From July 4, Japanese companies have been required to apply for individual licenses to export three chemicals used to make semiconductors and display panels — fluorinated polyimide, hydrogen fluoride and photoresists — to South Korea. The process, which can take around 90 days, had previously been waived for the country.
On Monday, Moon said the move “destroys the framework” of bilateral economic cooperation and called for its immediate scrapping. He made the comments after working-level officials from both countries held their first meeting on the issue on Friday, only to tell differing stories about what was discussed.
Officials from METI insisted the meeting was held solely to explain the reasoning for the restrictions and the practical aspects of their implementation, but their South Korean counterparts said they negotiated for the measures to be removed.
“It is regrettable that such untrue claims were made.
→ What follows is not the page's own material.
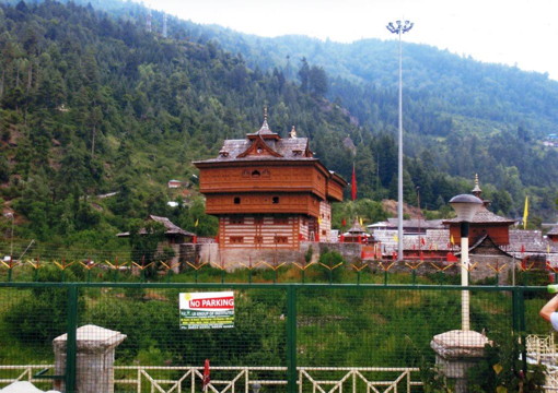 英領時代は夏の首都となっていた丘の上の町Shimlaから、サトレジ河のRampurまで、標高1,000m以上のつづら折りの急坂を下る。カーブが余りにも多いので, 村上さんと私は車酔い。サトレジ河には、あちこちに水力発電所が目立った。Jyoriと言う町より標高550m程上がったSarahan に午後2時10分到着。Hotel Srikhand の近くの、ヒンズー教の寺院「ビーマ・カリー」に参拝。インドには珍しい木造建築の珍しい寺院であった。

It’s hard to think this won’t hurt our relationship of trust going forward,” Seko said.
Moon on Monday accused Japan of abusing its leverage in trade to punish South Korea over their historical dispute. Seoul sees the recent tightening of export controls for the specialty materials as retaliation for rulings by the South Korean court rulings earlier this year that ordered Japanese corporations to compensate Koreans recognized as being forced to work for Japanese companies before and during World War II.
South Korea says Japan’s strengthened export controls on the sensitive materials could hurt its export-dependent economy and disrupt global supply chains.
Moon also said South Korea will use the dispute as an opportunity to reduce its dependence on Japan by strengthening its technology industry and diversifying import sources.
“Japan’s export restrictions have broken the framework of economic cooperation between South Korea and Japan that had continued over a half-century based on mutual dependence,” Moon said in a meeting of senior aides at the presidential Blue House.
“The shattered credibility of cooperation with Japan in the manufacturing industry will inspire our companies to break out of their dependence on Japanese materials, components and equipment and work toward diversifying import sources or localizing the technologies. I warn that, eventually, it will be the Japanese economy that will be damaged more.”
Analysts say the Japanese measure won’t have any immediate meaningful impact on South Korean chipmakers, which have sufficient supplies of the materials for now, given slowing demand for semiconductors. But there is concern Japan will expand its export controls to other industries.
Moon spoke hours after dozens of owners of small Korean businesses rallied in Seoul and called for boycotts of Japanese goods to protest Tokyo’s move.
Kim Sung-min, president of the Korea Mart Association, urged shop owners to boycott the distribution of Japanese products until Tokyo apologizes for retightening the export controls and withdraws them. Other demonstrators held up signs that read, “Our supermarket does not sell Japanese products.”